- EXERCISE AIM -
Using the listing below, print the line containing "In the living", the line containing "Programmes aiming to", and each line between them, exactly and nothing else. Pictures stay out of the print.

- MATERIAL PROVIDED -
- - -
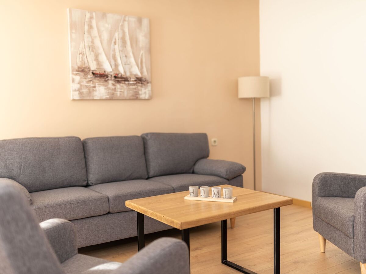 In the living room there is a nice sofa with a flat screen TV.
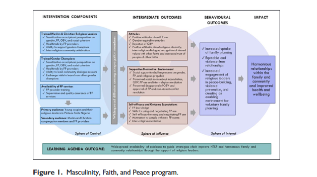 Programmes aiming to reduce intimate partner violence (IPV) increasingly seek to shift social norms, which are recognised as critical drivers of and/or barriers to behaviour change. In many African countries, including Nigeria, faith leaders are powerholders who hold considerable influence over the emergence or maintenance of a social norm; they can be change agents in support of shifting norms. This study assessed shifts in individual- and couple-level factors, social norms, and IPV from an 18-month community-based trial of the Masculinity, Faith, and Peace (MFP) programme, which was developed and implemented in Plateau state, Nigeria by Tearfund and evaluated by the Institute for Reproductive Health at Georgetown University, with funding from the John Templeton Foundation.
- - -
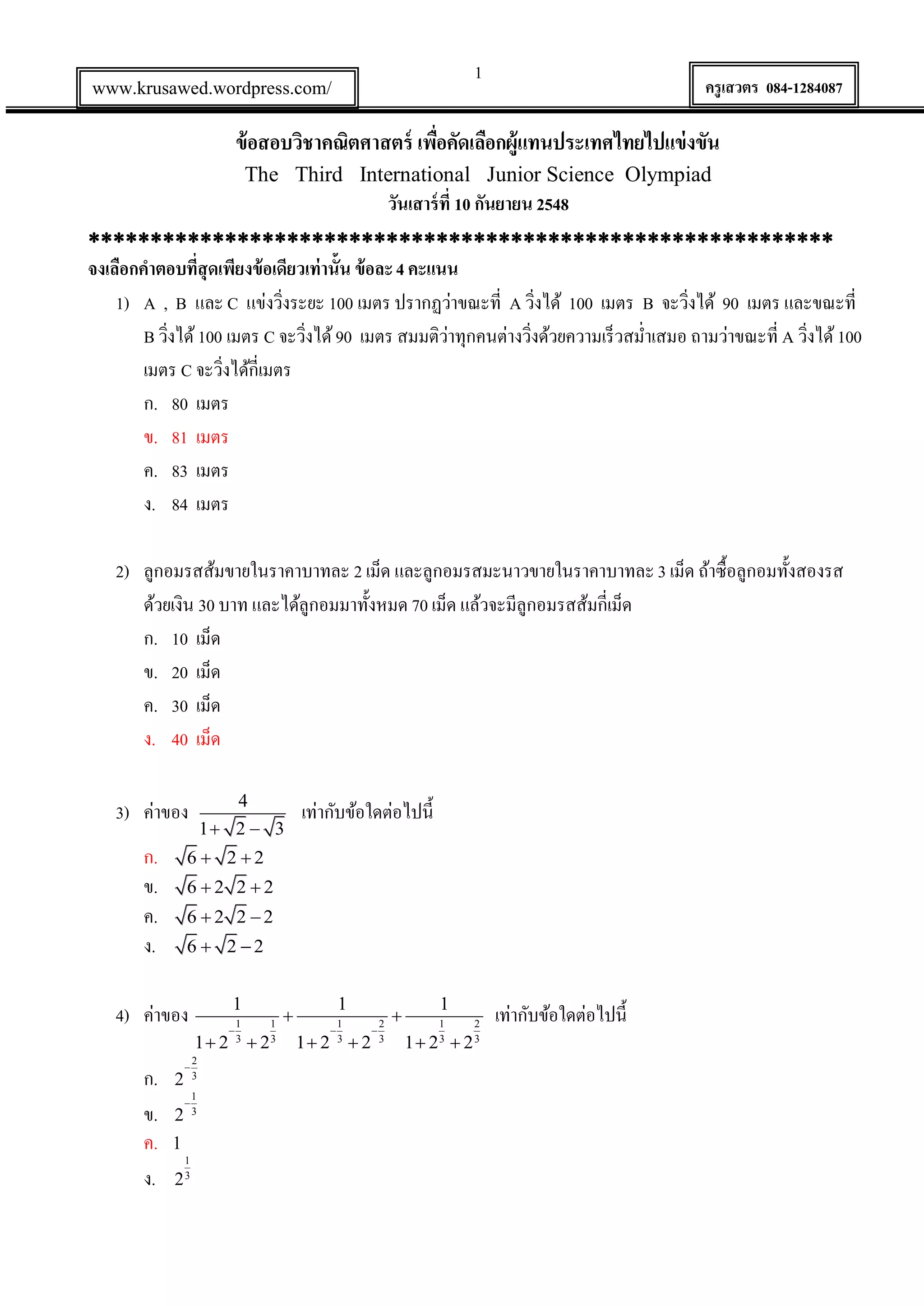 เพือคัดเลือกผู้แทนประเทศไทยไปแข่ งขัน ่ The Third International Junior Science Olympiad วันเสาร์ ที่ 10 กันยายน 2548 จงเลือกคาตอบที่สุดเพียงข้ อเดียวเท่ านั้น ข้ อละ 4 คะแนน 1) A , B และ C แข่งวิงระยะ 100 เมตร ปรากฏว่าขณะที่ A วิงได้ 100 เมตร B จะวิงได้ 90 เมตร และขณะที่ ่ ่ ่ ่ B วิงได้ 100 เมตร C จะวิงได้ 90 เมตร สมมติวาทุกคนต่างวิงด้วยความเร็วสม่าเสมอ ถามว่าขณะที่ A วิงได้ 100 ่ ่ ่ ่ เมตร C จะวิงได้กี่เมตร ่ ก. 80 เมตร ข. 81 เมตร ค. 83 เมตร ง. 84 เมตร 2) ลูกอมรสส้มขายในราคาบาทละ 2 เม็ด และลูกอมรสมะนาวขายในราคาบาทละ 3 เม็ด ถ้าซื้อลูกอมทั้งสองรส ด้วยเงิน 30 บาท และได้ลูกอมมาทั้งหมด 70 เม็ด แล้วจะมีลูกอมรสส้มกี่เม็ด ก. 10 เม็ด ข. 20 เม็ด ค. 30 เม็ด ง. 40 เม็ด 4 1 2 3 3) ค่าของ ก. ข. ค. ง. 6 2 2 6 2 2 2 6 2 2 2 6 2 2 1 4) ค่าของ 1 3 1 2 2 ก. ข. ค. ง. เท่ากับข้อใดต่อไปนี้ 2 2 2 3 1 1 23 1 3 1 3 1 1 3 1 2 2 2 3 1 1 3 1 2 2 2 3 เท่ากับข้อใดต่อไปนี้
- - -
- TASK RESULT -
 In the living room there is a nice sofa with a flat screen TV.
 Programmes aiming to reduce intimate partner violence (IPV) increasingly seek to shift social norms, which are recognised as critical drivers of and/or barriers to behaviour change. In many African countries, including Nigeria, faith leaders are powerholders who hold considerable influence over the emergence or maintenance of a social norm; they can be change agents in support of shifting norms. This study assessed shifts in individual- and couple-level factors, social norms, and IPV from an 18-month community-based trial of the Masculinity, Faith, and Peace (MFP) programme, which was developed and implemented in Plateau state, Nigeria by Tearfund and evaluated by the Institute for Reproductive Health at Georgetown University, with funding from the John Templeton Foundation.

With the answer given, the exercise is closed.